(Data records)
——
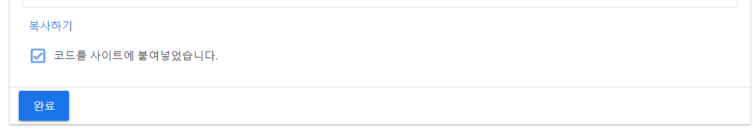 다시 구글 애드센스 사이트로 돌아와서 '코드를 사이트에 붙여 넣었습니다.'에 체크후 완료를 눌러 주세요
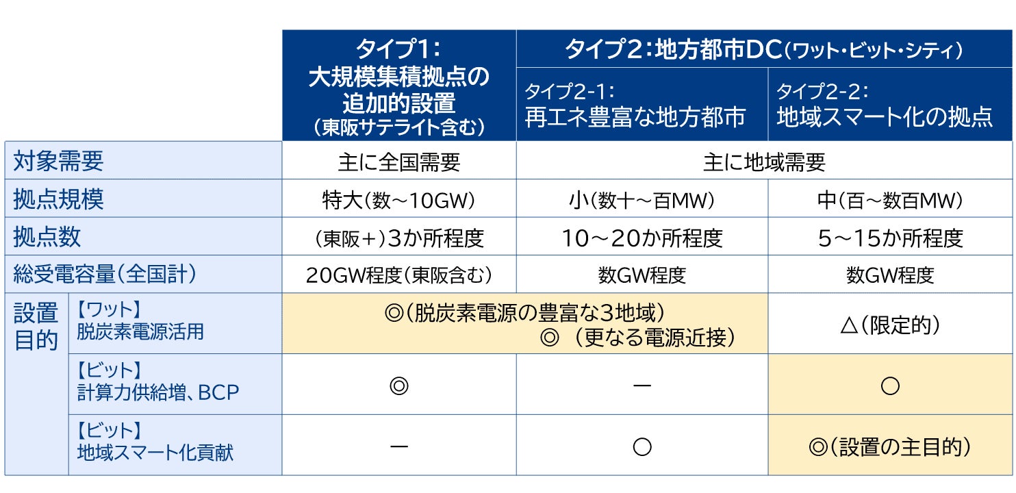 株式会社三菱総合研究所(代表取締役社長:籔田健二、以下 MRI)は、国内でのデータセンター(以下 DC)投資拡大で注目を集める「ワット・ビット連携」について、脱炭素電源活用等を踏まえ、5つの大規模集積拠点に加え2つのタイプの地域DCを数十カ所程度最適配置したDC分散の将来像と、地域DCを活用した地域活性化策を提言します。
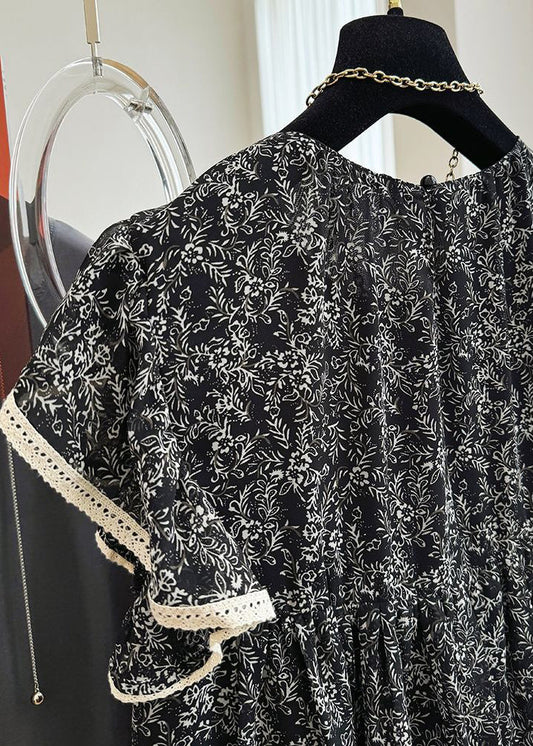 Tanks Chiffon Print Black Butterfly Stylish Sleeve
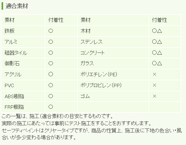 ・塗布面にコート加工などを施している素材は表面を目粗し処理又はプライマー処理などをしてから施工することをおすすめします。
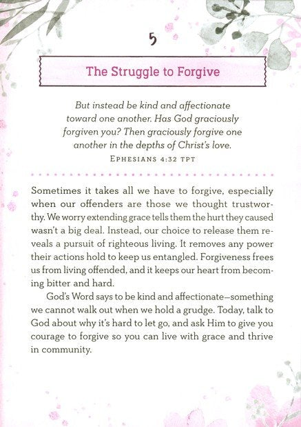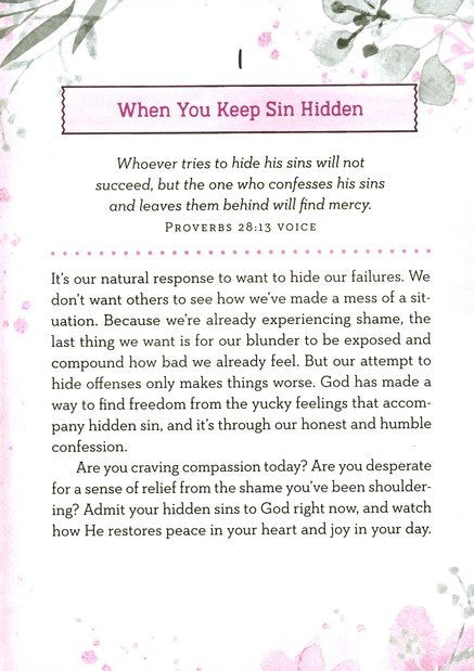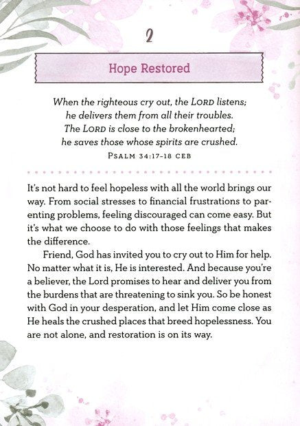 From Bankruptcy and Chronic Pain to Death of a Parent and Job Loss, no matter what you're facing, here you'll find the comforting, sustaining wisdom of scripture. Each verse is paired with a devotional thought that is equal parts practical and encouraging. Strengthened and renewed, you will be anchored to a solid foundation of faith.
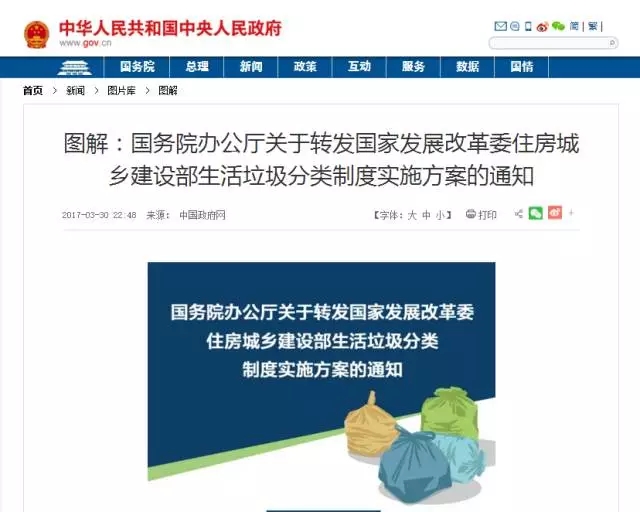 2017年3月18日,為切實推動生活垃圾分類,提高新型城鎮(zhèn)化質量和生態(tài)文明建設水平,國家發(fā)展改革委、住建部頒布《生活垃圾分類制度實施方案》,要求在中國46個城市先行實施生活垃圾強制分類,并提出了“到2020年底,基本建立垃圾分類相關法律法規(guī)和標準體系,形成可復制、可推廣的生活垃圾分類模式,在實施生活垃圾強制分類的城市,生活垃圾回收利用率達到35%以上?!钡闹饕繕恕?/p>
——
With the pictures set aside, copy each line above as written.

 다시 구글 애드센스 사이트로 돌아와서 '코드를 사이트에 붙여 넣었습니다.'에 체크후 완료를 눌러 주세요
 株式会社三菱総合研究所(代表取締役社長:籔田健二、以下 MRI)は、国内でのデータセンター(以下 DC)投資拡大で注目を集める「ワット・ビット連携」について、脱炭素電源活用等を踏まえ、5つの大規模集積拠点に加え2つのタイプの地域DCを数十カ所程度最適配置したDC分散の将来像と、地域DCを活用した地域活性化策を提言します。
 Tanks Chiffon Print Black Butterfly Stylish Sleeve
 ・塗布面にコート加工などを施している素材は表面を目粗し処理又はプライマー処理などをしてから施工することをおすすめします。
 From Bankruptcy and Chronic Pain to Death of a Parent and Job Loss, no matter what you're facing, here you'll find the comforting, sustaining wisdom of scripture. Each verse is paired with a devotional thought that is equal parts practical and encouraging. Strengthened and renewed, you will be anchored to a solid foundation of faith.
 2017年3月18日,為切實推動生活垃圾分類,提高新型城鎮(zhèn)化質量和生態(tài)文明建設水平,國家發(fā)展改革委、住建部頒布《生活垃圾分類制度實施方案》,要求在中國46個城市先行實施生活垃圾強制分類,并提出了“到2020年底,基本建立垃圾分類相關法律法規(guī)和標準體系,形成可復制、可推廣的生活垃圾分類模式,在實施生活垃圾強制分類的城市,生活垃圾回收利用率達到35%以上?!钡闹饕繕恕?/p>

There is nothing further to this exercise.